11 Lessons I've Learnt

I’m 43. Here is a letter to a younger version of me. If any of it is useful to you, take it; if not, leave it.

Wealth & Freedom

1. Build wealth that works while you sleep. Learn how the economy works. Understand, at a basic level, how a corporation makes money. Then own pieces of good ones. Buy, borrow against, hold until you die — the principle is the same whether you start with a little or a lot.

Learn the difference between wealth and expense. A house you live in and a car you drive are not wealth; they take money out of your pocket. Wealth is the thing that puts money back in while you do nothing. Only wealth buys freedom.

Why corporations and not land or Bitcoin? Land is scarce but costly to hold and produces nothing on its own. Bitcoin is genuinely scarce, but scarcity isn’t value — as long as prices aren’t quoted in it, it creates nothing by itself. Corporations are productive engines: they adapt, innovate, and compound human ingenuity into earnings. That’s what grows while you sleep.

2. Don’t mistake scarcity for value. Gold and silver feel scarce, but they’re only scarce for now — technology eventually makes scarce things abundant. Aluminum was once precious; today it’s foil. Assume the same fate may await anything whose only virtue is being hard to get.

3. Don’t play the status game. Buy things for their value, not for what they say about you. No Tesla unless the value justifies the price. Often, not even a new car. Status is the most expensive thing you can buy, and it’s never paid off.

Health & Vitality

4. Treat your body as the one asset you can’t replace. Workout almost every day. Sleep eight hours. Skipping dinner has worked well for me. A carnivore diet did not — what worked was beans, vegetables, nuts, and oats. Find what your body actually responds to, not what’s fashionable.

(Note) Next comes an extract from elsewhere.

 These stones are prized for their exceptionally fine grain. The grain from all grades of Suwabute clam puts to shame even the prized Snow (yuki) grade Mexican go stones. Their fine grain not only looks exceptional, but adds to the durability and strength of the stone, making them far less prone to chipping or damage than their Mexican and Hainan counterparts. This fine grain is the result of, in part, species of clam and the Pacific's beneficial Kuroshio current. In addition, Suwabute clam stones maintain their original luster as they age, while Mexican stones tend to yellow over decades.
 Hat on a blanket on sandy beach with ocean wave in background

I also take 3 mg of melatonin at night, which helps me sleep. Figure out your own routine with a doctor — bodies differ, and what helps me may not help you.

Relationships

5. Be present in the small work. Be active. Do the chores. Do them single-mindedly, without music or videos running in the background. The undivided attention is the point — both for the work and for the people who notice you giving it.

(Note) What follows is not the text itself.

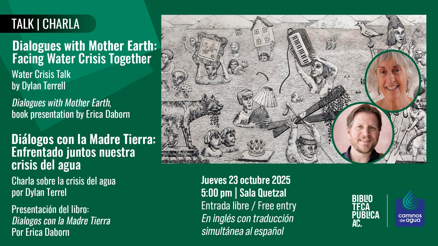 La artista británica Erica Daborn, con su proyecto “Diálogos con la Madre Tierra: Dibujar para salvar el planeta”, transforma su serie de 13 enormes murales de carbón, algunos de más de 4.5 metros de largo, en un recurso educativo accesible creado en colaboración con Caminos de Agua, la organización líder en sustentabilidad del agua en San Miguel de Allende.

6. Give your kids quality time, and regulate before you reason. When a child is chaotic or rigid, don’t lead with logic. Connect and calm them first, then redirect. A regulated child can hear you; a flooded one can’t. Dan Siegel’s “Name It to Tame It” sheet says it better than I can.

Peace of Mind

7. Never violate the law, or your own morals. Not once. The short-term gain is never worth the long-term cost — to your sleep, your name, or your sense of who you are.

8. Spend less time on feeds, more time on books — and on nothing. Social media has terrible information density. Books reward you far more per hour. Leave room to simply think, and even to be bored. Boredom is where ideas come from.

Learning & Life Building

9. Live abroad, at least once. You’ll see how differently people live and think, which loosens the rigidity in your own mind. You become more of a global citizen — easier to connect across difference, more valued for novelty, and better hedged if things go wrong in the country you happen to live in.

10. Be optimistic, and think long-term. A lot of hard, wonderful things become possible once you start building consistently. Compounding works on more than money.

11. Keep learning. Keep redefining who you are. Never let yourself be limited by where or when you were born, by what you’ve done or haven’t, by what you have or lack. For now, the only real limit is your biology. Everything else is negotiable.